LES ROUGES : Et le voilà, le rarissime Pineau d’Aunis ! Petits rendements pour donner de la matière à ce cépage réputé léger.

Rouge-Gorge 2003 : Soleil grenat évolué. Du poivre à plein nez, de la cerise aussi. La bouche est chargée de tanins serrés, puissants mais mûrs. On hurle à l’astringence à l’entour, ça renâcle, ça trépigne, à vrai dire, c’est surpris, ça n’aime pas !!! Pourtant…

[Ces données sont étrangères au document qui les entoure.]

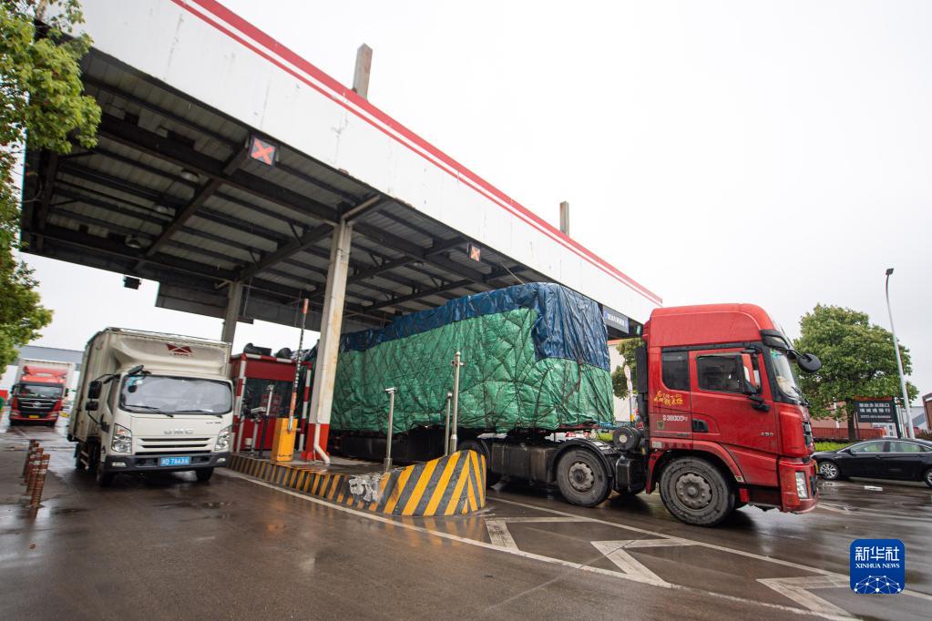 貨車駛入位于杭州市錢塘區的杭州傳化公路港(4月13日攝)。新華社記者 江漢 攝

Rouge-Gorge 2004 : Soleil grenat sombre. Hou là là !!!! On frise l’émeute, la révolte, le putsch… On réclame à corps et à cris la démission des responsables et la mise en place d’un gouvernement de crise. Je propose une cellule de soutien psychologique… Il faut dire que ce nez qui vous lâche une une bordée de poivrons boostés au poivre vert, a de quoi surprendre plus d’un vieux baroudeur des vignes Médocaines !!! Mais bon, patience et aération arrangent un peu l’affaire et la motion de censure est levée. On est sur la champignonnière vocifère t-on, l’élagage (ça c’est le végétarien qui soliloque dans son coin… on l’aime quand même), la réglisse en bâton. En bouche, rebelote en plus “hard”, des tanins poivrés, des fruits rouges fumés et la réglisse. Un raz de marée contestataire continue de pester. Je pense à Bach, ça me remonte un peu le moral… Ça insiste, alors je me balance in petto «Que ma joie demeure»…

Hommage à Louis Derré 2005 : Soleil de Zanzibar. Après une interruption de séance, le bon peuple s’est calmé. Le nez tout oriental du “Louis” est charmeur, il embaume la coriandre, la badiane, la fraise mûre, le tabac et le cumin. La tête appuyée au giron d’une odalisque alanguie, je fais tourner le joint… le groupe se resserre et ronronne. La matière est superbe en bouche, l’attaque est nette sur les fruits rouges. C’est pur, ample et long. Un vin magnifique à moyen terme.

Aurore d’Automne : Soleil ambré. Des rendements minuscules pour ce rosé moelleux. Une gourmandise gracile qui embaume la gelée de coing, les raisins secs, le figolu, la confiture de fraises en morceaux. Un vin qui réconcilie et ravigote la troupe. Tout le monde se recoiffe. Le calme revient. La bouche est tendre, douce, une dentelle de fruits rouges confiturés, finement citronnés et épicés.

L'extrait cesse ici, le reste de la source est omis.